Mortgage rates have been a hot topic in the housing market over the past 12 months. Compared to the beginning of 2022, rates have risen dramatically. Now they’re dropping, and that has to do with everything happening in the economy.
Nadia Evangelou, Senior Economist and Director of Forecasting at the National Association of Realtors (NAR), explains it well by saying:
“Mortgage rates dropped even further this week as two main factors affecting today’s mortgage market became more favorable. Inflation continued to ease while the Federal Reserve switched to a smaller interest rate hike. As a result, according to Freddie Mac, the 30-year fixed mortgage rate fell to 6.31% from 6.33% the previous week.”

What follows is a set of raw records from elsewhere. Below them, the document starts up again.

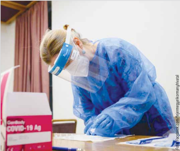
A vizsgálatok célja a járvány terjedésének további lassítása és az emberek egészségének védelme. Az érintettek a várakozás elkerülése érdekében a szoczsures.kh.gov.hu honlapon foglalhatnak időpontot.

A tesztelést a kormányhivatalok szervezik a január 16-17-i hétfő-gén. Országsszerte százhuszonhét mintavételi ponton várják az ágazatban dolgozókat – tájékoztatott a kormányhivatal.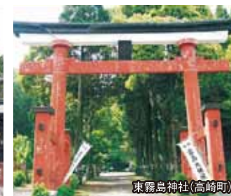
東霧島神社(高崎町)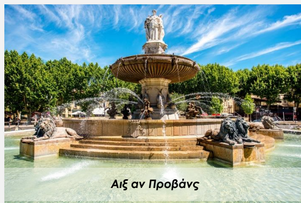
Αιξ αν Προβάνς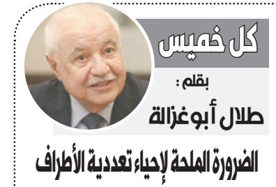
كل فيس: طلال أبوغزالة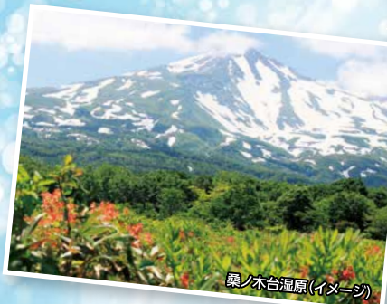
黒ノ木台温泉(イメージ)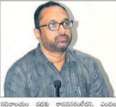
విశాలంధ్ర - నంద్యాల: పెన్షన్లకు రూ.83.79 కోట్లు విడుదల.

విశాలంధ్ర - నంద్యాల: పెన్షన్లకు రూ.83.79 కోట్లు విడుదల. అత్యధిక శ్రీశీల లక్ష. పెన్షన్లకు రూ.83.79 కోట్లు విడుదల.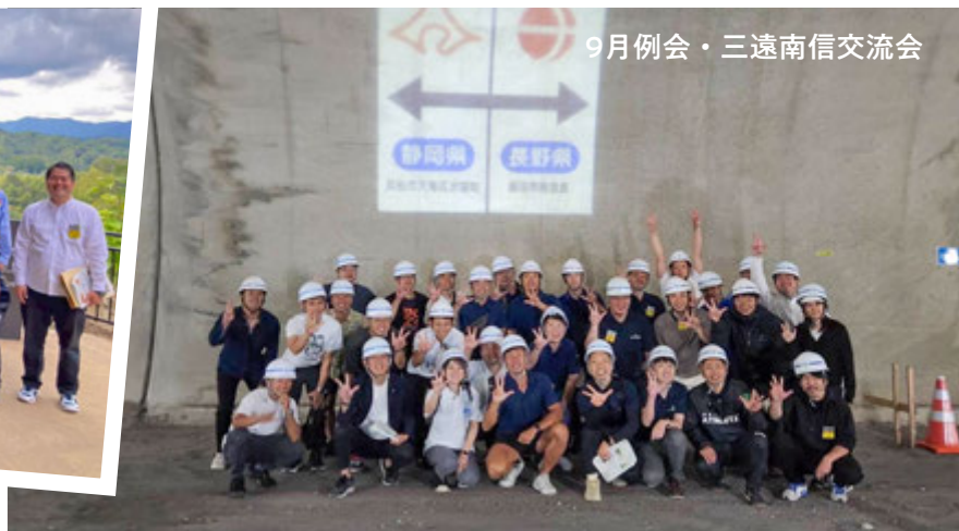
9月例会・三遠南信交流会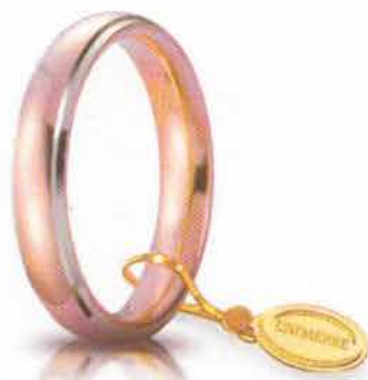
Comoda oro rosa bordi bianchi rodiati 4 mm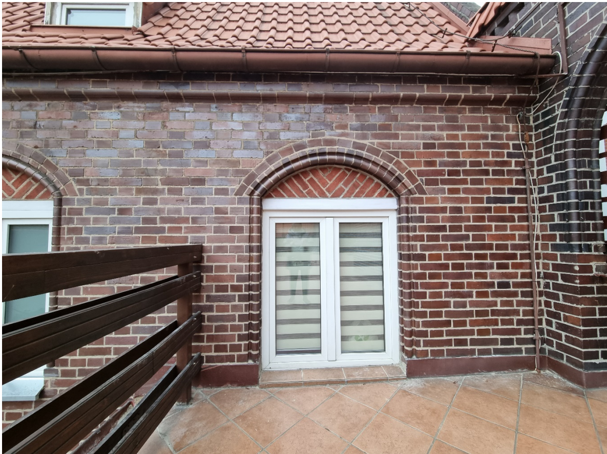
Okno na elewacji północnej ściany od strony dziedzińca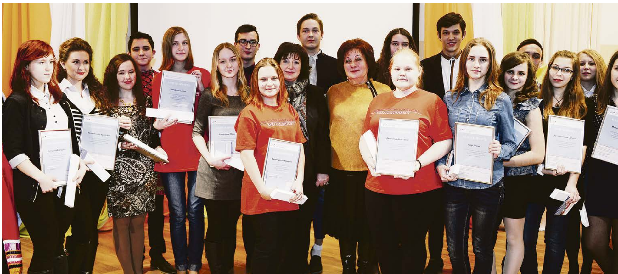
Участники и организаторы проекта настроены на дальнейшие полезные и добрые дела.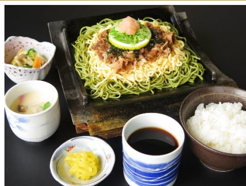
瓦そば定食 1200円 瓦そば・小鉢・茶碗蒸し・ご飯・香の物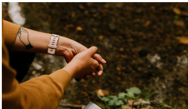
Uit: Dienstboek uitgave Protestantse Kerk in Nederland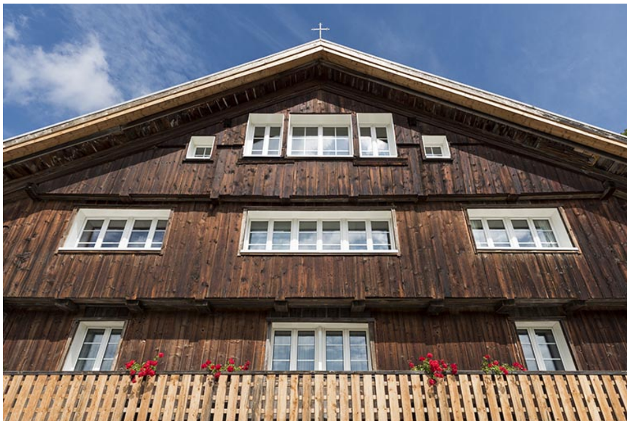
Façade antérieure, vue en contre-plongée.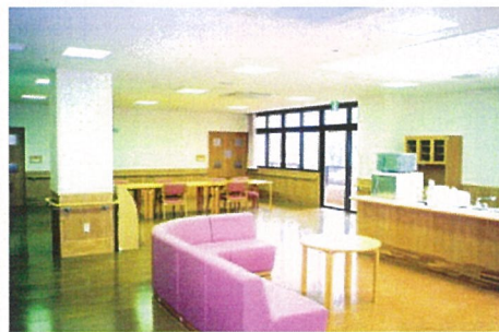
各ユニットの内観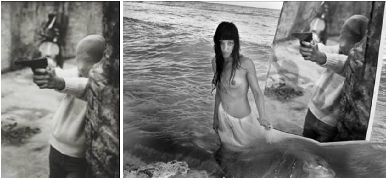
Letizia Battaglia, Il gioco del killer , Palermo 1982 e Rielaborazione (Il gioco del Killer, Palermo 1982) , 2012.

Se è quasi impossibile scindere l'opera di Francesca Woodman dalla sua sorte, silenzioso segreto che resta intimo e illeggibile, con Letizia Battaglia ho parlato. O meglio è stata lei a parlare con me. Io ho saputo dire solo il mio nome. Poco prima di uscire dalla galleria con un catalogo e la sua firma, mi ha detto: “Inizia a fotografare. Non per gli altri, per te stessa”.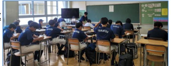
<夏休みの学習教室>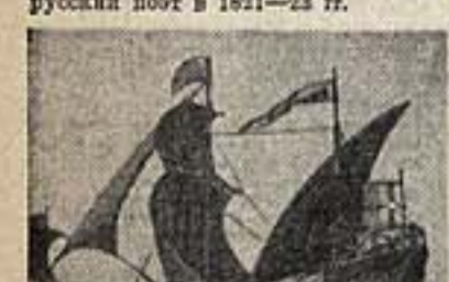
Капитан Волга — Москва. Медная модель каравеллы Колумба, установленная на башне шлюза № 3.

Музей, посвященный жизни и творчеству А. С. Пушкина, создается в селе Каменка, где пребывал великий русский поэт в 1821—23 гг.

So, what does that mean for homeownership? As mortgage rates fluctuate, they impact purchasing power by impacting the cost of buying a property. Even a small dip can help boost purchasing power. Here’s how it works.
The median-priced home according to the National Association of Realtors (NAR) is $379,100. So, let’s assume you know someone who plans to buy a $400,000 property. If they’re trying to shop at that price point and keep their monthly payment about $2,500-2,600 or below, here’s how their purchasing power can change as mortgage rates move up or down (see chart below). The red shows payments above that threshold and the green indicates a payment within their target range.
This goes to show, even a small quarter-point change in mortgage rates can impact the monthly mortgage payment. That’s why it’s important to follow what the experts are projecting for mortgage rates for the days, months, and the year ahead.
Bottom Line
Mortgage rates are likely to fluctuate depending on what happens with inflation moving forward, but they have dropped slightly in recent weeks. If a 7% rate was too high for you, it might be time to act now while rates have dipped.